Breast Cancer Registry Analysis

As part of my Masters of Biostatistics, for a non-coursework project unit I analysed Breast Cancer data from the Auckland Breast Cancer Register. The project was supervised by a statistics Lecturer at Macquarie University, and a breast cancer surgeon at Bankstown-Lidcombe Hospital who had proposed the project. The analysis was conducted with Stata and LaTex, involved writing custom Stata modules, and produced a detailed report document with data tables, charts, and interpretation.

The analysis described differences in characteristics of women with breast cancer detected by screening (comparing by age at initial diagnosis, 45-69 years vs. 70+), and assessed whether baseline variables affected the association between age group and 5-year breast cancer mortality. The main techniques were Pearson Chi-squared and Cox Proportional Hazards models.

The analysis found that in general screening continued to detect similar disease profiles after 70, similar treatment combinations were used, and the strongest associations for 5-year survival were with age and disease grade. In the context of NZ breast cancer screening programs that end at age 70, these findings suggested that there may be some merit to extending these programs.

Mobile Data Collection

I designed and implemented a mobile data collection framework that improved quality and completeness of participant questionnaire data for 5 projects conducted by the VHCRP team at the Kirby Institute.

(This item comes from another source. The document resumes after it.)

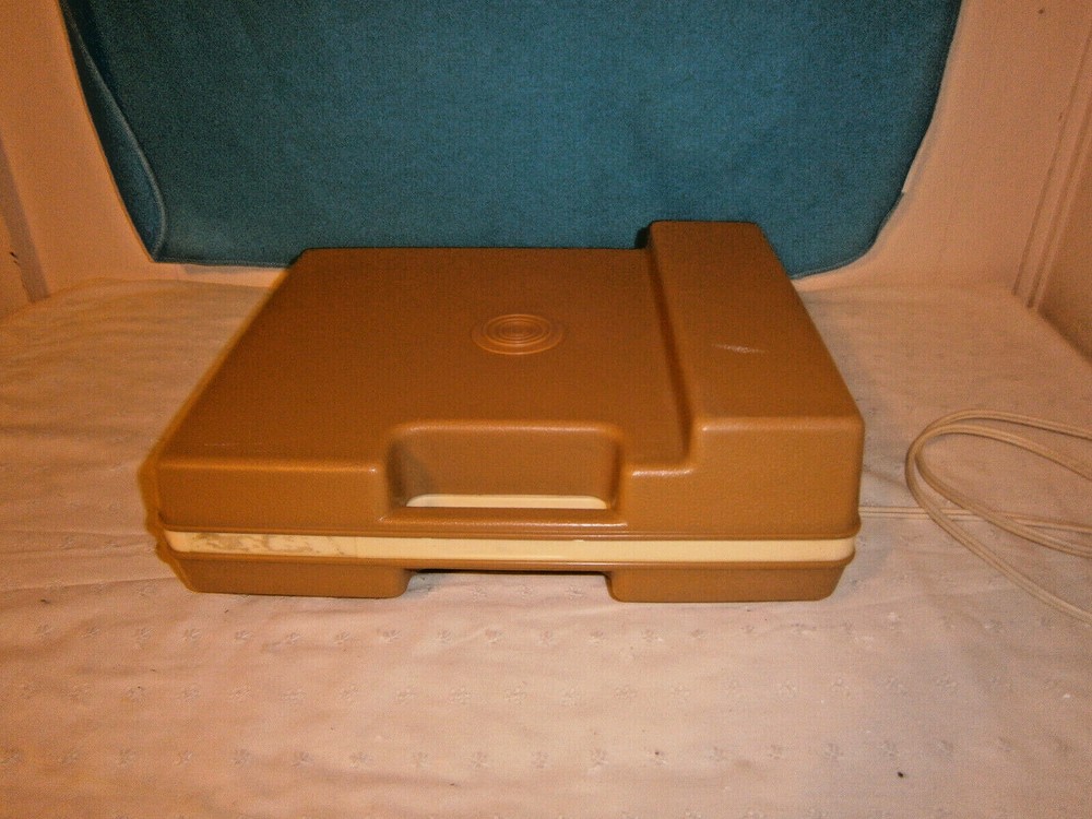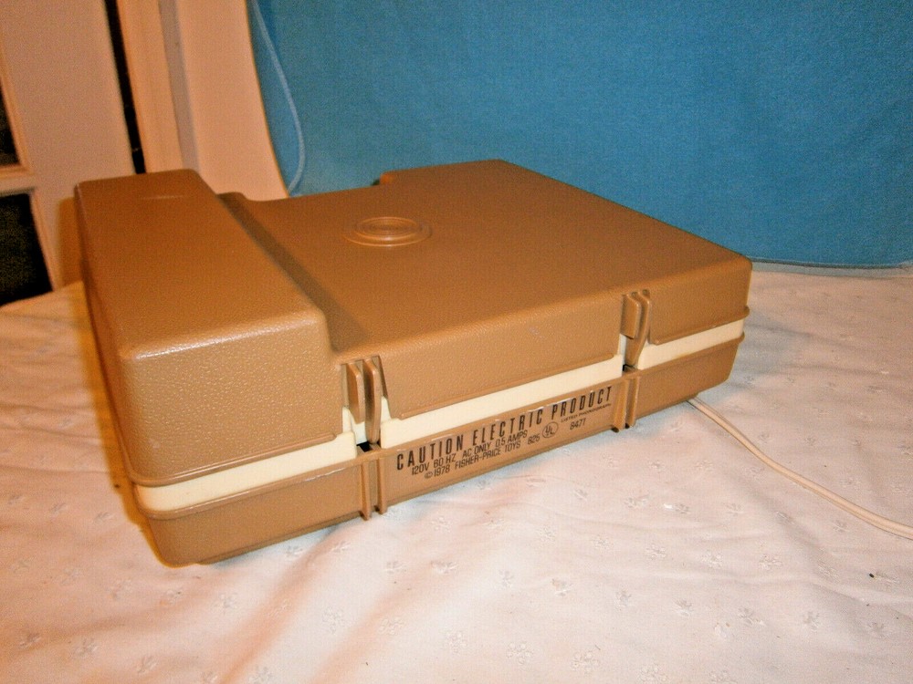 Fisher Price 1978 record player. Good used condition, works great. The top comes off when you open it, either it is suppose to or the little hooks have worn down. I don't see anything broken.

The framework covered all aspects - policies for device procurement, configuration, management, account management and security; tools for form design, validation, multi-language capable presentation customisation; procedures for data collection, submission, and storage; tools for ETL of collected data for analysis in Stata.

The deployment included over 80 Android tablets for offline data collection at study sites, including hospitals, clinics and prisons in Australia and internationally, with thousands of responses from hundreds of participants had been collected and processed. At the centre of the framework was ODK Collect, an Android app for processing XML-based form definitions. Design and data processing tools included custom distributable desktop apps written in Python.

OpenClinica Community DataMart

I designed and implemented an ETL and reporting system that streamlined reporting and analysis workflows for 13 projects conducted by the VHCRP team at the Kirby Institute. This system was implemented with PostgreSQL using SQL and PL/PGSQL.

This system replaced a time-intensive process involving numerous manual steps, with a robust, automated process. The ETL system involved transforming a column-based data storage format into user-friendly tables corresponding to the original form design templates uploaded to OpenClinica.

The deployment included encrypted connections between database servers and with client machines, data access controls mirroring those in OpenClinica, and integrated Windows domain authentication. Client tools were also developed to integrate via ODBC with Stata, SAS and Microsoft Access; as well as automated VBScript tools to simplify setup for new users. The preparation of detailed documentation and delivery of targeted training encouraged adoption of the system across the team.

System Integrations

I designed and implemented the following system integrations for the VHCRP team at the Kirby Institute:

  • An automated daily transfer of hepatitis C test results from a LabKey sample management database to the clinical database in OpenClinica. Written in Python, and included development of a re-usable library for interacting with OpenClinica's SOAP XML webservices.
  • A promotional website for a study with a custom styled LimeSurvey instance for web-based data collection from study participants. Written in Python and JavaScript and included development of a re-usable library for interacting with LimeSurvey's REST JSON webservices.
  • An automated integration test suite for the above custom LimeSurvey template to ensure that these elements worked as expected across common browsers. Written in Python using Selenium WebDrivers for Firefox, Chrome and Internet Explorer.